A campaign flier from Beasley Denson, the tribe’s miko, or chief, bragged that the Bok Homa casino had been “paid in full.”
That statement referred “only to construction costs,” tribal spokeswoman Wilma Simpson told The Clarion-Ledger.
Moody’s Investors Service cited that $10-million loan when it described the Choctaw Resort Development Enterprise’s liquidity as weak and downgraded the tribe’s bonds to junk bond status. It also cited $70.8 million due in November.
Moody’s said the resort had $27.2 million in unrestricted cash, including $15 million in cage cash at the end of March, but that wouldn’t cover “$80.8 million of maturing debt.”
Denson’s opponent in the Sept. 6 election, Phyliss Anderson, said she feels there is a lot of misinformation about Bok Homa.
“It is easy to tell voters what you think they want to hear, but we need the truth,” she said. “Our administration has not been truthful about the tribe’s debt. We need transparency in our tribal government and accurate reporting of tribal financial assets and debts.”
Shirley Berg, an unexpected candidate in the repeat election for the $466,000-a-year position, could not be reached for comment.
In recent weeks, the casino has lost three top officers including general manager, Bryce Warren, an industry veteran.

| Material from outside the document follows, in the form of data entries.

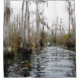 Beautiful image from the Okefenokee Swamp during winter in Fargo, Georgia. Cypress trees rise up from the swamp as a small boat of tourists explore the inky waters.
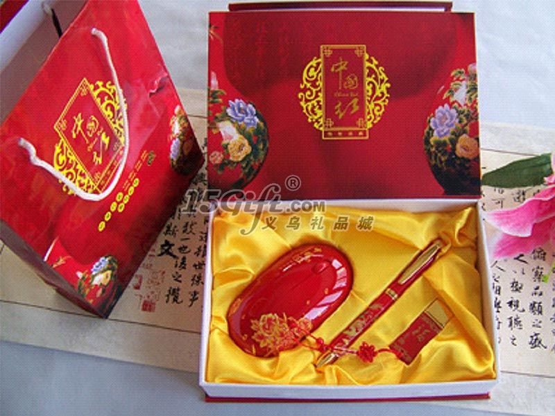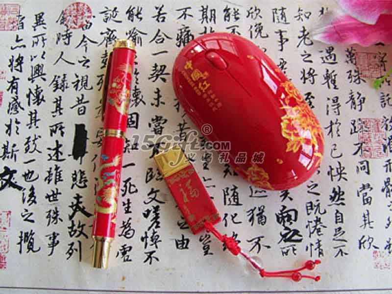 中國紅無線鼠標+中國紅陶瓷筆+中國紅4G U盤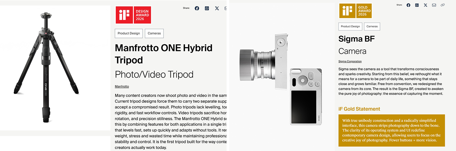 2026년 2월, 세계 3대 디자인상 중 하나인 그중에서도 가장 권위가 높다고 평가받는 iF DESIGN Award의 수상작이 발표되었다. 수상작들의 카테고리 중 [Cameras]에서 단연 눈에 띄는 제품이 있었다. 바로 Manfrotto ONE과 SIGMA BF 카메라. 디자인상이니까 단순히 제품의 비주얼이 뛰어나고 아름답다고 해서 받을 수 있을까? 그렇지 않다. 제품의 디자인뿐만 아니라 아이디어(Idea), 형태(Form), 기능(Function), 차별화(Differentiation), 지속가능성(Sustainability) 등 5가지의 핵심 가치를 고루 갖췄는지에 대한 전방위적인 심사가 이루어진다. 매년 1만여 개의 출품작들 가운데 129명의 글로벌 디자인 전문가들로 구성된 심사위원단의 까다로운 심사과정을 통과해야만 iF 로고를 거머쥘 수 있다.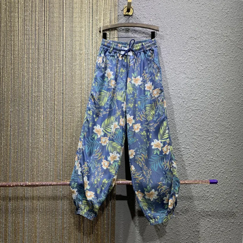 衣都精品- 新款鬆緊高腰復古印花束腳牛仔褲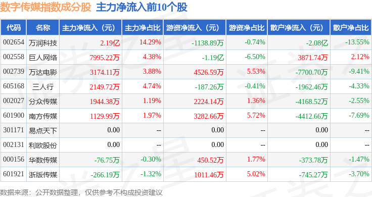 资金流向方面,数字传媒(399434)指数成份股当日主力资金净流出合计89.28亿元,游资资金净流入合计15.14亿元,散户资金净流入合计74.14亿元。成份股资金流向详情见下表:
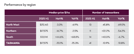 Tasmanian farmland values weakened through the first half of 2025, with the median price falling 20.1 per cent to $17,575/ha and down 25.3 per cent year-on-year.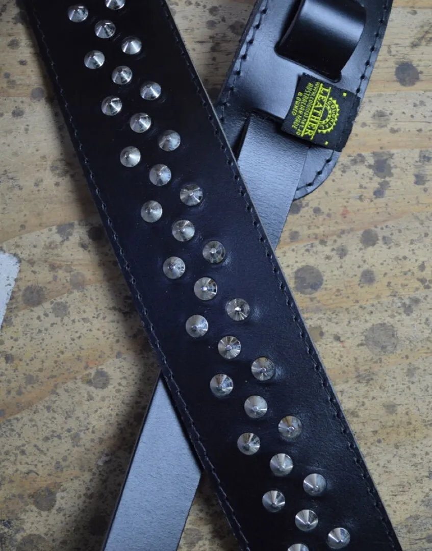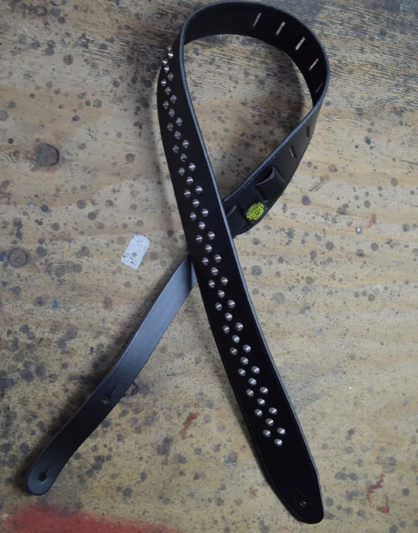 2.5″ suede backed and stitched leather guitar strap with metal studs. Billet adjustable in length from 80cm to 135cm. Made in Australia.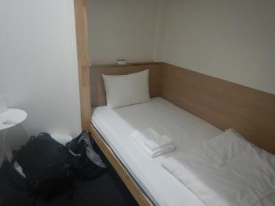 下段のベッドで1泊3000円。上段のベッドの方が少し安い。トイレ、シャワーは共用。部屋には小さな丸テーブルがあるのみ。歯ブラシ、剃刀、タオルはあったが、寝間着に類するものはない。部屋の広さは4平米程度。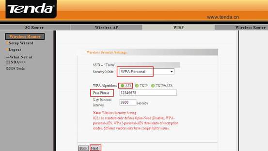 5. Then you are in the Wireless Security Settings page where you can set a password for your network. Please select WPA-Personal as the security mode and AES as the WPA Algorithms, then input at least 8 characters, numbers of letters, in the Pass Phrase. Click Next.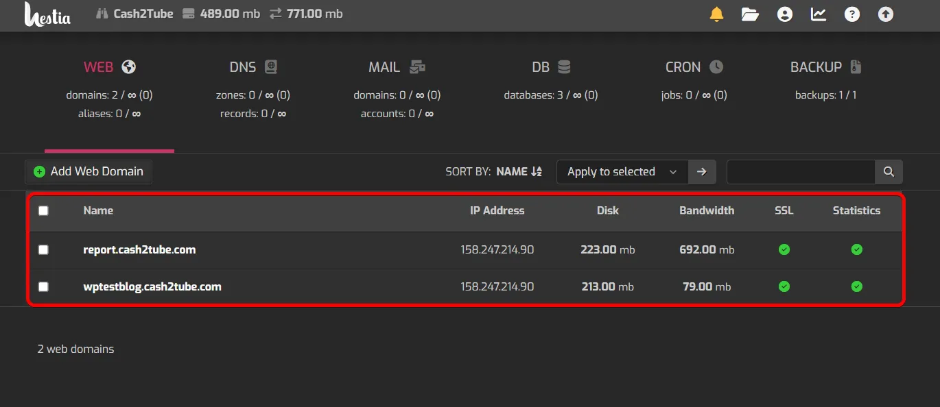 HestiaCP에서 사용자 Cash2Tube 하면 현재 2개의 도메인이 연결된 상태입니다. Cash2tube.com의 루트 도메인은 현재 티스토리에 연결되어 있어서, 하위 도메인만 보입니다.

In a statement to The Clarion-Ledger, Denson said the tribe’s philosophy “has always been to promote Chahta (Choctaw) First, and we had an opportunity to promote a Chahta to this position as general manager.”

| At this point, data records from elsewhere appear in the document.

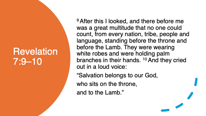Uncountable Christians from every nation praising God and Jesus together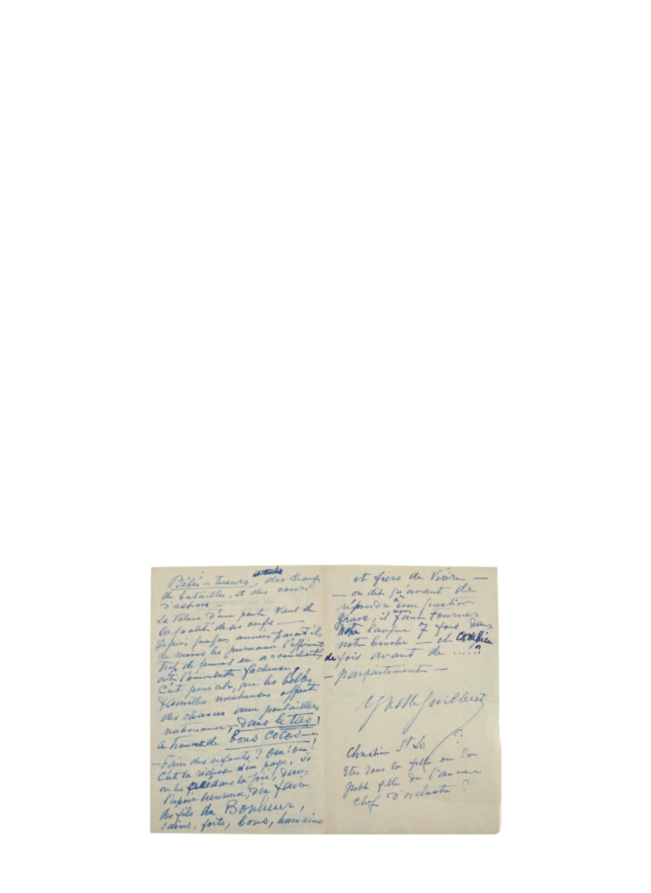 autographe, signé en tête « Eve Lavallière », Thuillières (Vosges) 1920-1921 ; cahier de 53 pages in-4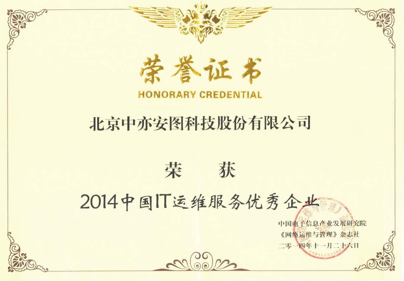 北京中亦安图科技股份有限公司(简称:中亦科技)作为我国IT运维服务领域的领先企业,荣获“2014中国IT运维服务优秀企业”。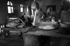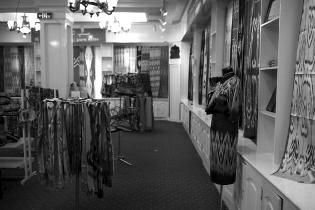 和田市吉亚乡是著名的丝绸商品产地,来到艾特莱斯丝绸手工作坊门前,和想象有点落差,并不是真正的民间作坊,而是花园式的一个大院子。我们刚下车,就有一个身穿丝绸服饰的维吾尔族女孩出来,主动带我们参观了生产流程。在抽丝房里,至今还保持着传统手工工艺,被柴火烧热的开水锅里煮着白白的蚕茧,一个女工正在抽丝,千头丝伸向手心,另一个女工则在旁边摇着纺车。在织丝作坊里,有三个维吾尔族年过花甲的老人精心工作,随着梭子的流动,一道道花儿绽放出美丽的灿烂。在展厅里,各种颜色商品诱惑着游客的眼球,尤其对年龄大一点的人而言,作坊式的手工生产,一切都是旧时的模样,往事的追忆使人欲罢不能,只有掏腰包来留住已逝的过去。和田丝绸质地柔软,轻盈飘逸,许多图案取材于日常生活中的细节且富于变化,色泽十分鲜丽,无论是披在头上还是穿在身上,都会在大漠戈壁的天地间,飘动起一道亮丽的风景线。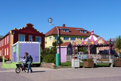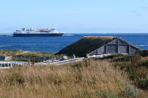 Recreation of Viking village with Natl. Geo. Explorer in background.
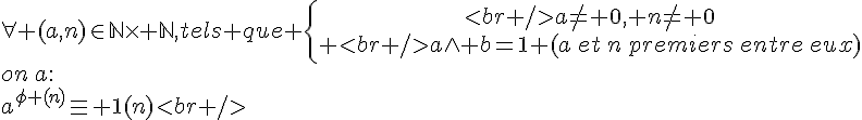 Je me demandais s'il était possible d'en avoir une démonstration "classique" du niveau de terminale (plutôt courte ^^, mais je n'ai pas peur des longues démo.) L'exo en question m'amène à une démo (que je posterai ce soir, là je n'ai plus le temps, dsl) un peu longue et utilisant l'ensemble des nombres inversibles mod(n).

Gone, too, are Pearl River Resort COO Susan O’Connell and CFO Paul Simon.
Denson said the tribe evaluates “our staff according to our policies and procedures and makes decisions accordingly.”
The FBI raided the resort near Philadelphia on July 12, seizing hard drives and documents from the casinos.

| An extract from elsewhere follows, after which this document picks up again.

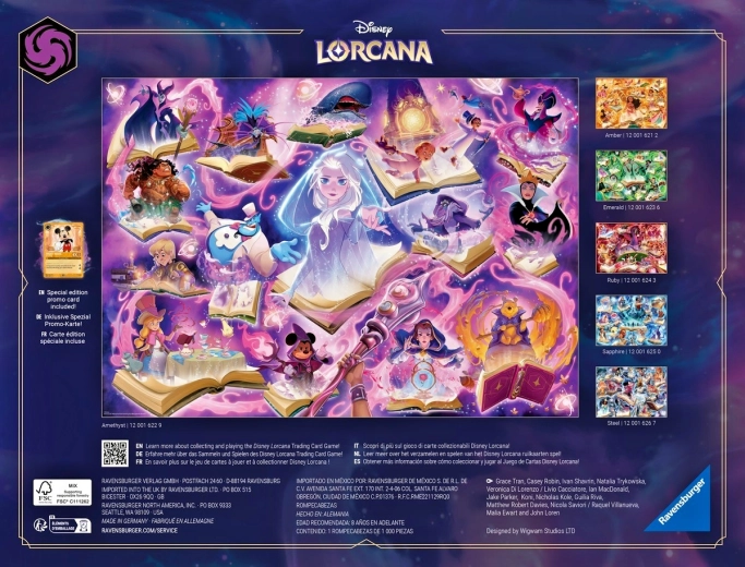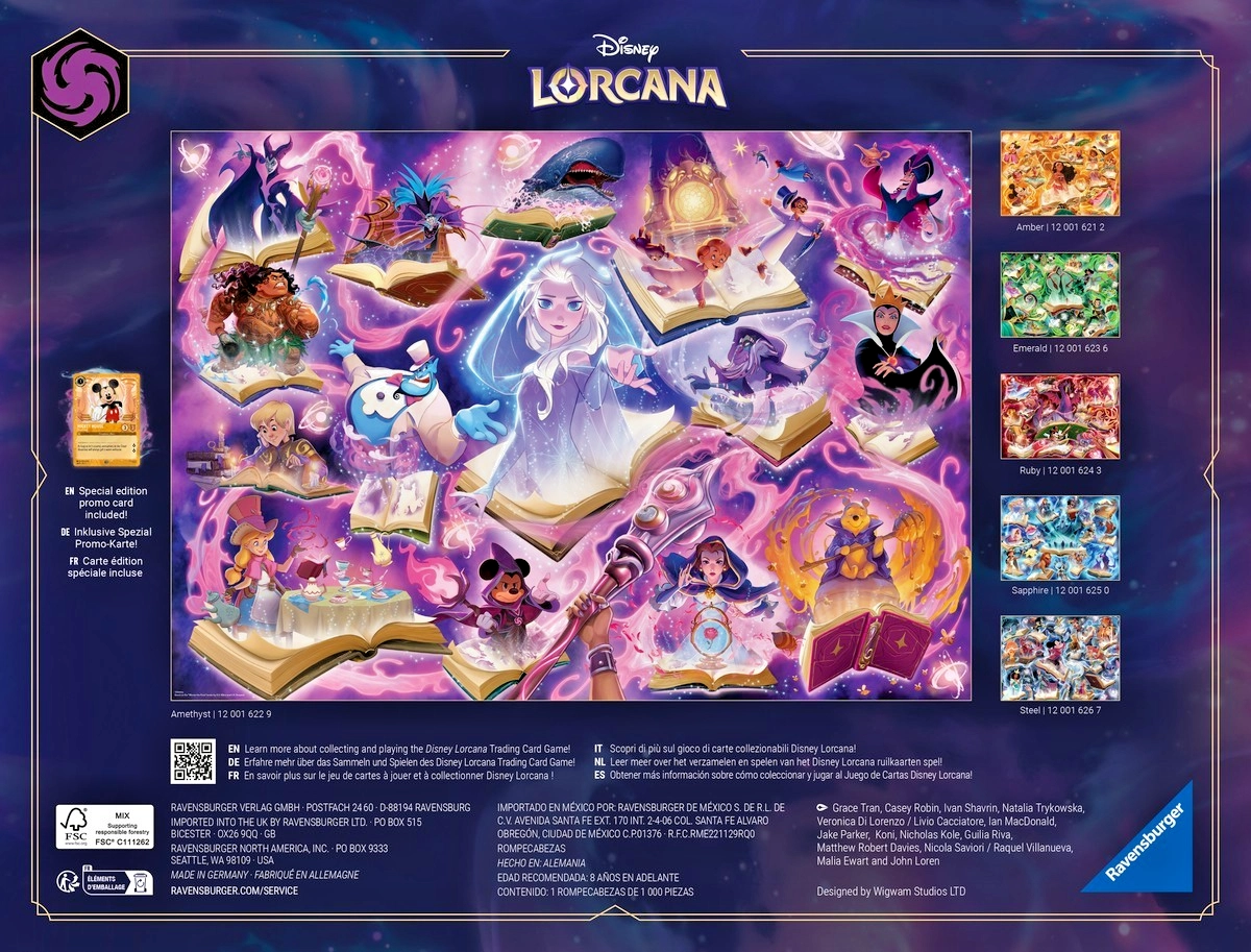 Scopri il magico mondo di DISNEY LORCANA con il puzzle RAVENSBURGER da 1000 pezzi. Taglio di precisione, pezzi resistenti e il magnifico soggetto “Glimmers of the Realm: Ametista” garantiscono montaggio rilassante, dettagli nitidi e incastro perfetto di ogni pezzo.

Deason told the newspaper last month that the tribe has nothing to fear from the FBI’s investigation, saying the casinos’ books are checked by an outside auditing firm, Price Waterhouse Coopers.
The Big Four firm recently stepped down as outside auditor for the casinos but gave no reasons.
Denson, who was elected in 2007, has said the FBI warrants from the raid named the Atlanta-based Mercury Gaming Group and its marketing arm, the Titan Agency.
Anderson has said that, if elected, she would cancel the contracts with Mercury and Titan.
She defeated Denson in a July 5 runoff, but the Tribal Council then threw out results of the June general election for unspecified voting irregularities, negating the runoff as well.
Anderson is a Tribal Council member from the Red Water community in Leake County. If elected, she would become the Choctaws’ first female chief.
She said she wants to reassure members of the tribe there is still hope. “Despite all the challenges we are facing with the FBI, the Moody’s downgrade, resignation of our auditing firm and now this third tribal chief election,” she said, “it’s still important to focus on our future and the successes we will build.”